PREFIX ex:   <http://example.org/omop/>
PREFIX omop: <http://www.ohdsi.org/omop#>

SELECT ?type ?fact
WHERE {
  {
    ?fact a omop:VisitOccurrence .
    BIND("Visit" AS ?type)
  } UNION {
    ?fact a omop:ConditionOccurrence .
    BIND("Condition" AS ?type)
  } UNION {
    ?fact a omop:DrugExposure .
    BIND("Drug" AS ?type)
  } UNION {
    ?fact a omop:Measurement .
    BIND("Measurement" AS ?type)
  }
  ?fact omop:person ex:person/1 .
}
ORDER BY ?type

Optional: GraphDB Desktop mode

GraphDB Desktop can host the same OMOP data using its embedded Ontop. This requires a persistent DuckDB database file instead of reading Parquet files on the fly.

Create the DuckDB database

duckdb db/OMOP.duckdb

Then create tables from each Parquet file:

CREATE TABLE person AS SELECT * FROM read_parquet('data/person.parquet');
CREATE TABLE visit_occurrence AS SELECT * FROM read_parquet('data/visit_occurrence.parquet');
CREATE TABLE condition_occurrence AS SELECT * FROM read_parquet('data/condition_occurrence.parquet');
CREATE TABLE drug_exposure AS SELECT * FROM read_parquet('data/drug_exposure.parquet');
CREATE TABLE measurement AS SELECT * FROM read_parquet('data/measurement.parquet');
CREATE TABLE concept AS SELECT * FROM read_parquet('data/concept.parquet');
-- ... repeat for all OMOP tables

Create an Ontop Virtual Repository in GraphDB

  1. Open GraphDB Workbench at http://localhost:7200

  2. Go to Setup → Repositories → Create new repository

  3. Select Ontop Virtual Repository

  4. Configure:

    • Driver class: org.duckdb.DuckDBDriver

    • JDBC URL: jdbc:duckdb:/absolute/path/to/db/OMOP.duckdb

    • Mapping: upload mappings/OMOP-duckdb.obda

    • Ontology: upload ontology/OMOP.ttl

The same SPARQL queries from above will work in the GraphDB SPARQL interface.

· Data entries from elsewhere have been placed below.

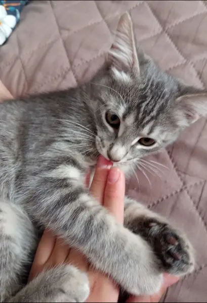 Возраст примерно 3 месяца, в зеленом ошейнике. Ищу прежних или новых хозчев. Девочка очень ласковая, любит ручки и мурчит как трактор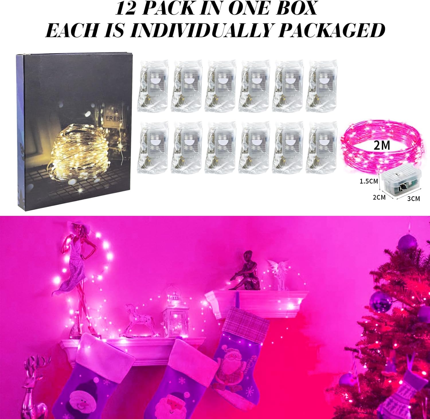 • IP65 WATERPROOF AND INDIVIDUALLY WRAP: The battery fairy lights are waterproof can be used for Indoor/Outdoor. (the battery pack is not waterproof) safe to the touch. Made of soft bendable wire so you can easily bend into any shape or wrapped it on anything such as Christmas trees, wine bottle, pumpkins, guirlande lumineuse interieure, potted landscape etc.Each light is individually packaged, say goodbye to cable tangles and bring more happiness and satisfaction to your family and friends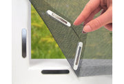 ABS / Polyester / Metall, mit Magnetbefestigung zum Anklicken, ausschneidbar für alle Fenster bis max. 150x130 cm, Fenster lässt sich weiterhin komplett öffnen, rückstandsfrei abzulösen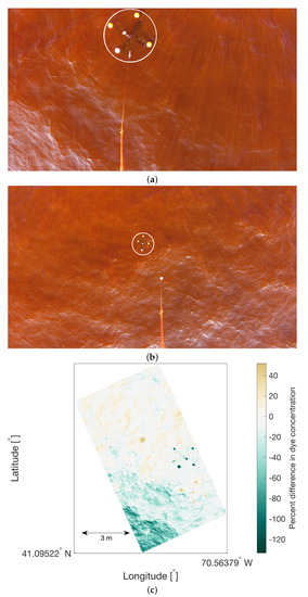 Comparison of dye heat maps between the surface and altitude images at sample location #2; (a) Raw surface image. The 1.09-m drifter, circled in white, was used as altitude reference; (b) Raw altitude image. The 1.09-m drifter, circled in white, was used as altitude reference; (c) Percent difference in rhodamine concentration in ppb between the photographs in (a,b).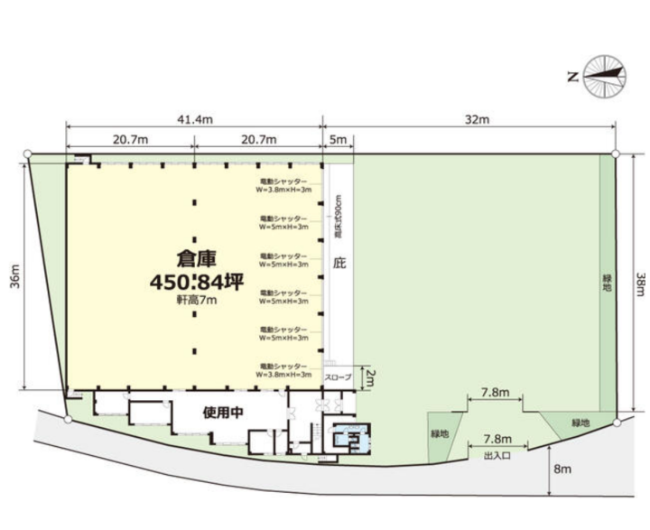 ・建物面積約450坪(1490.40m²)、鉄骨造平屋建ての大型倉庫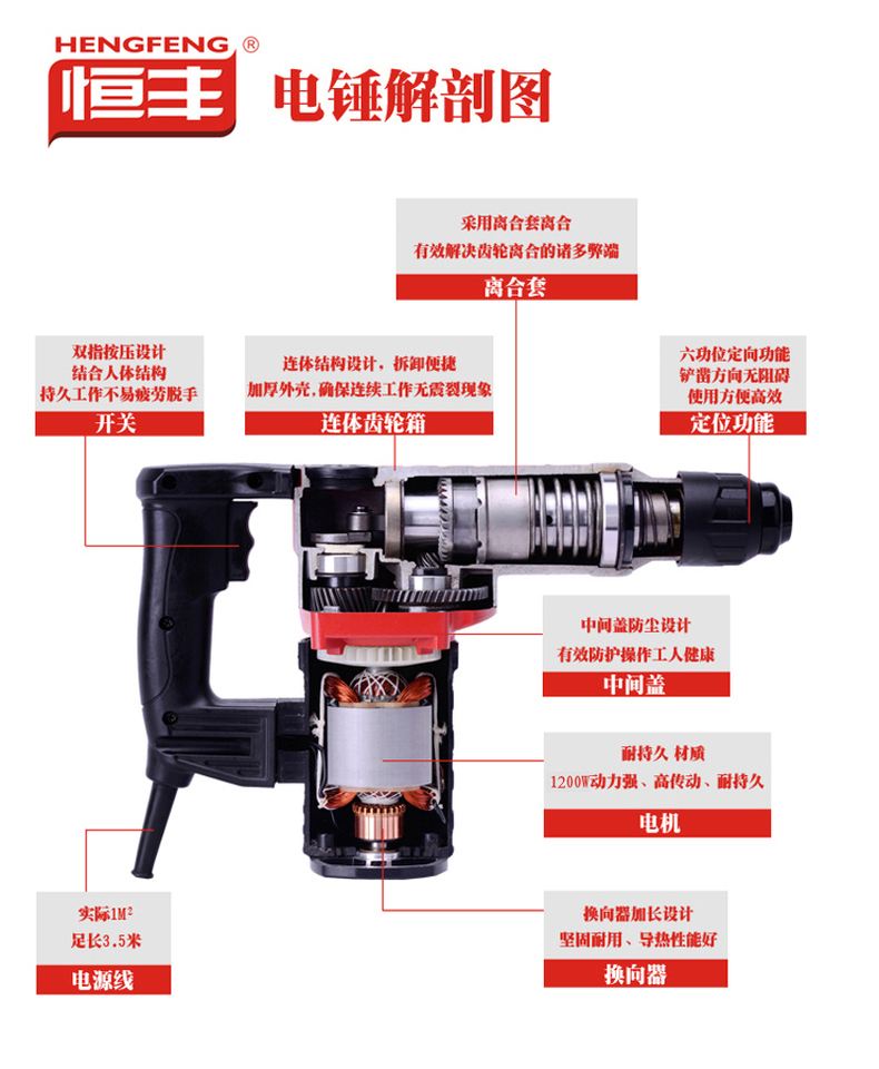 钻孔能力:混凝土26mm 工作方式:锤钻,铲凿

Connection to the core tutorial

This use case follows the same three-artifact pattern as the solar system exercise:

ArtifactSolar systemOMOP CDM
DatabasePostgreSQLDuckDB (Parquet)
.propertiessolar_system.propertiesOMOP.properties
.obdasolar_system.obdaOMOP-parquet.obda
.ttlsolar_system.ttlOMOP.ttl

The only differences are the database backend (DuckDB vs PostgreSQL) and the domain-specific SQL queries and RDF vocabulary. The Ontop workflow remains the same.